** DATASET EXTRACT follows **

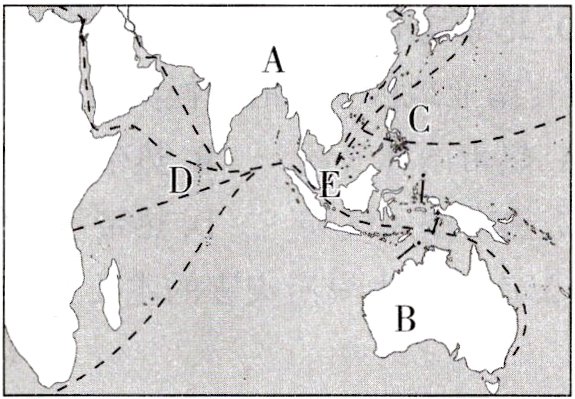 (1)图中字母表示的地理事物为:A______洲;B______洲;C______洋;D______洋;E______海峡
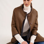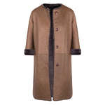 Spanish lambskin coat. Three-quarter sleeves with a crew neck and reversible trim. Dry-leaf nappa leather interior and anthracite-colored treated fur exterior. Tortoiseshell clip button. 100% Spanish lamb.
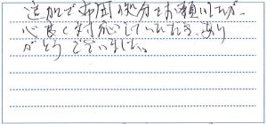 「3箇所ともきれいにしていただけました」とお喜びいただき、たいへん嬉しく思っております。また、追加の処分作業もありがとうございました。
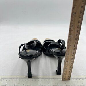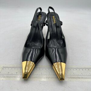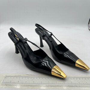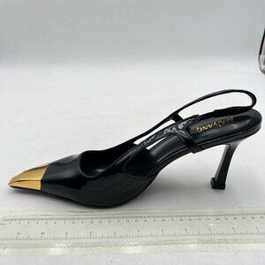 Maiyang Black Square Cap Toe Slingback Pumps Slip on Stiletto High Heel Sandals
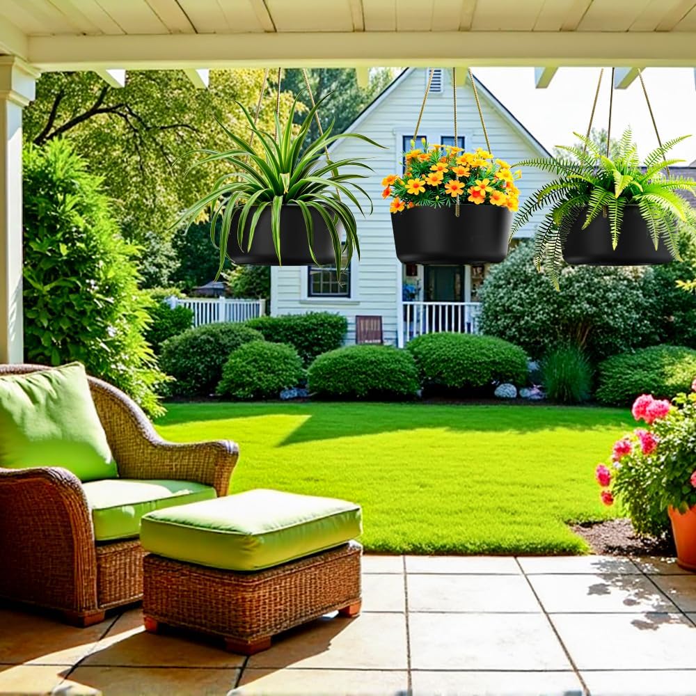 10.7 Inch Hanging Planter for Outdoor Indoor Plants,2 Pack Hanging Flower Pots with Drain Holes for Garden Home Decor Use (Black)
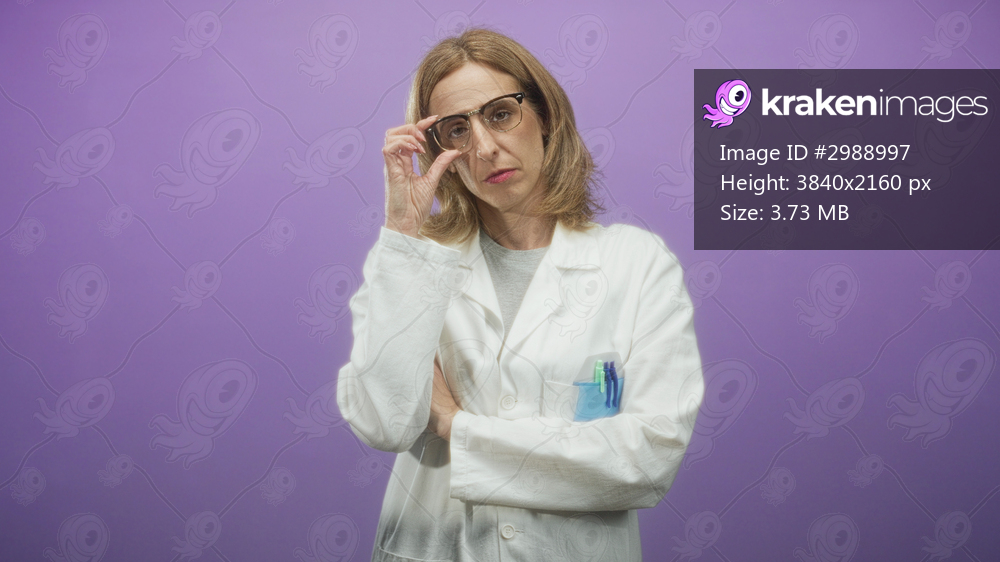 Woman doctor in white lab coat adjusts eyeglasses with hand, pens visible in pocket, posed against purple studio backdrop; skepticism authority.
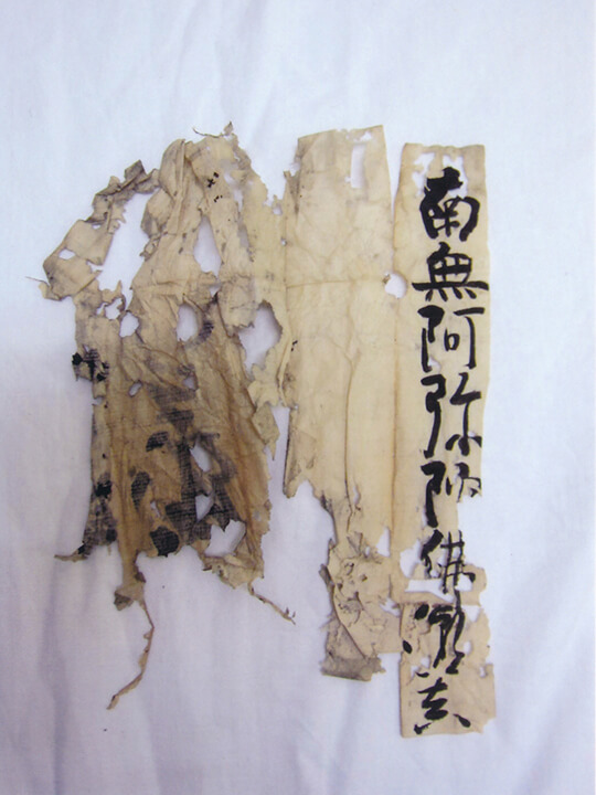 南無阿弥陀佛の六字名号と経文が納められていました。
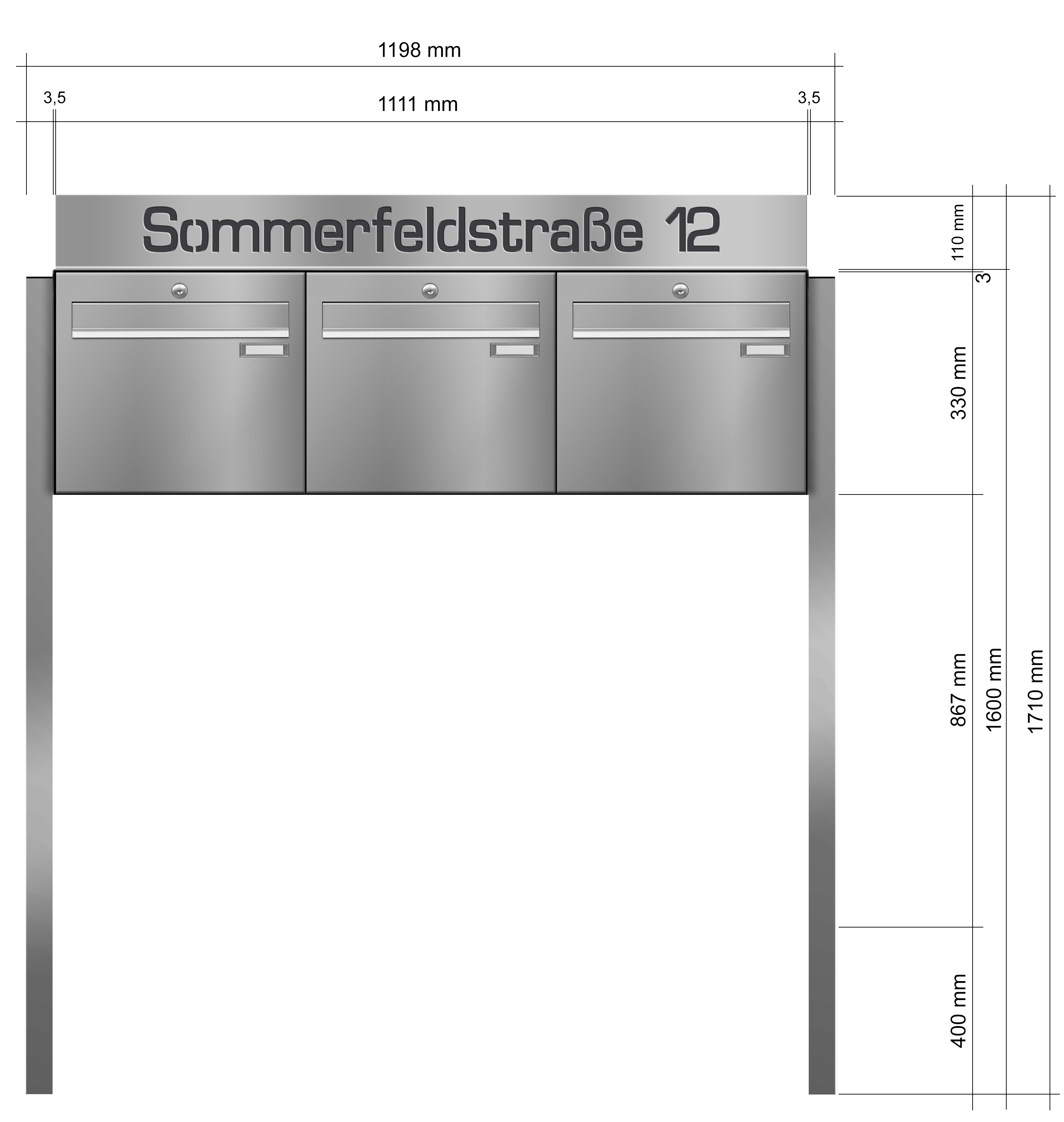 Maße je einzelnem Briefkasten:
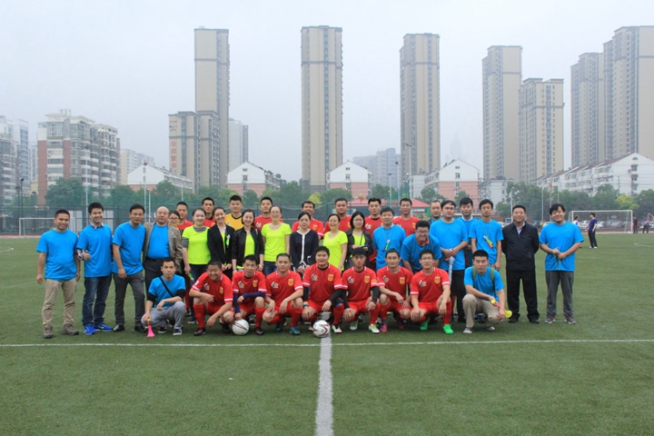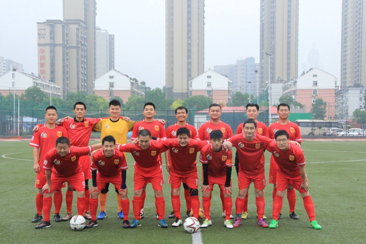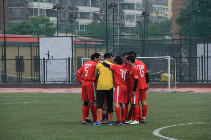 比賽開場不久,惡劣的天氣和球員的狀態不佳就讓我方遭到了懲罰,對方遠射,門將李釗不敢怠慢,奮力撲出第一點,無奈對方前鋒跟進補射得分。此后我方便開始奮力反撲,但始終不能攻破對手城池。第二節,國貿聯隊的經驗優勢得以凸顯,他們站樁式的防守和不緊不慢的傳控,導致我方很長一段時間無法組織有效的進攻,加上我方隊員急躁的情緒,場面一度失控。休息時間全隊聚集討論,決定奮力一搏,隊長方波帶傷上陣,加強進攻。人員調整后,我方士氣明顯提升,經過幾輪的組織,終于由徐學峰右路突破下底傳中,前點潘永博巧妙一漏,侯立峰左腳冷靜推射破門。一鼓作氣,方波角球精確助攻,對方中后衛冒頂,侯立峰后點頭球再下一城。緊接著潘永博突破打門,對方門將脫手,方波跟進冒著左腿再次拉傷的危險,奮力將球打進,3:1鎖定勝局,全體隊員緊緊的擁抱在一起,場下啦啦隊也情緒高漲,擊鼓吶喊為安糧健兒加油。
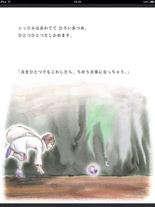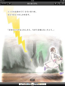 この「おとはこびと」は最新の電子書籍フォーマットで作られており、ページをめくると画がアニメーションとして動き出す。そして、音楽が流れる。ただ読むだけではなく、物語を体感できる絵本となっている。
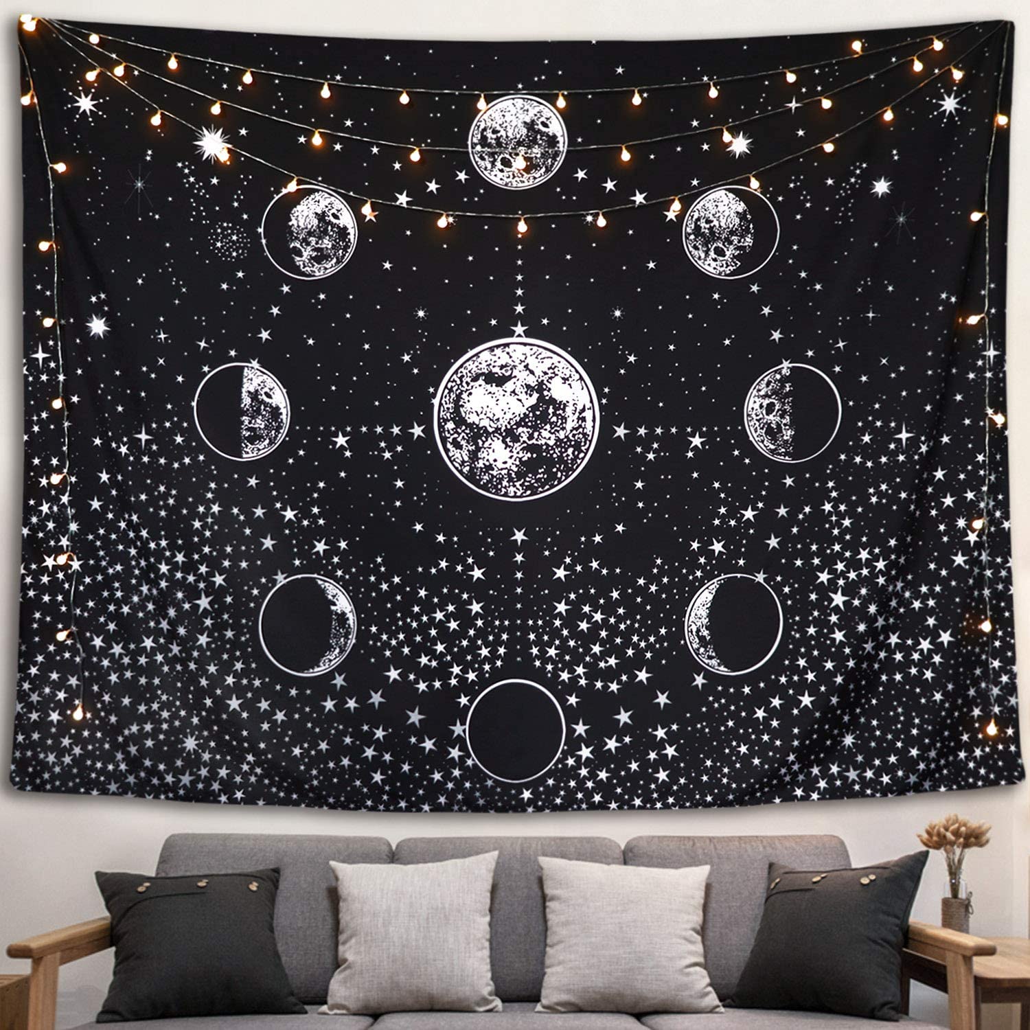 Moon Phase Tapestry , Black and White Wall Hanging, Starry Night , Sky , Universe, Galaxy Décor , Celestial Tarot Posters For Bedroom Room
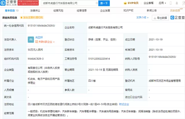 10月19日,上海阑途信息技术有限公司(以下简称:途虎养车)新增对外投资,投资企业为成都市虎盛行汽车服务有限公司(以下简称:虎盛行),投资比例100%。虎盛行成立于2021年10月19日,注册资本50万元,法定代表人为向亚坪,经营范围包括机动车修理和维护;汽车新车销售;汽车零配件零售等。该公司由途虎养车全资控股。途虎养车成立于2014年6月26日,注册资本60亿元,法定代表人为胡晓东,经营范围包括食品经营;出版物零售;货物进出口等。该公司由上海息壤信息技术有限公司全资控股,后者由TUHU Car(Hong Kong)Limited全资控股。途虎养车有103家对外投资企业,包括上海紫途电子商务有限公司、途虎(湖北)融资租赁有限公司、成都途虎信息技术有限公司等。

** End of DATASET EXTRACT **

ACTIVITY
What you give back must be exactly the lines from the opening line of the entries through the line holding "10.7 Inch Hanging", with no pictures.

RESPONSE TO THIS EXERCISE
 (1)图中字母表示的地理事物为:A______洲;B______洲;C______洋;D______洋;E______海峡
 Spanish lambskin coat. Three-quarter sleeves with a crew neck and reversible trim. Dry-leaf nappa leather interior and anthracite-colored treated fur exterior. Tortoiseshell clip button. 100% Spanish lamb.
 「3箇所ともきれいにしていただけました」とお喜びいただき、たいへん嬉しく思っております。また、追加の処分作業もありがとうございました。
 Maiyang Black Square Cap Toe Slingback Pumps Slip on Stiletto High Heel Sandals
 10.7 Inch Hanging Planter for Outdoor Indoor Plants,2 Pack Hanging Flower Pots with Drain Holes for Garden Home Decor Use (Black)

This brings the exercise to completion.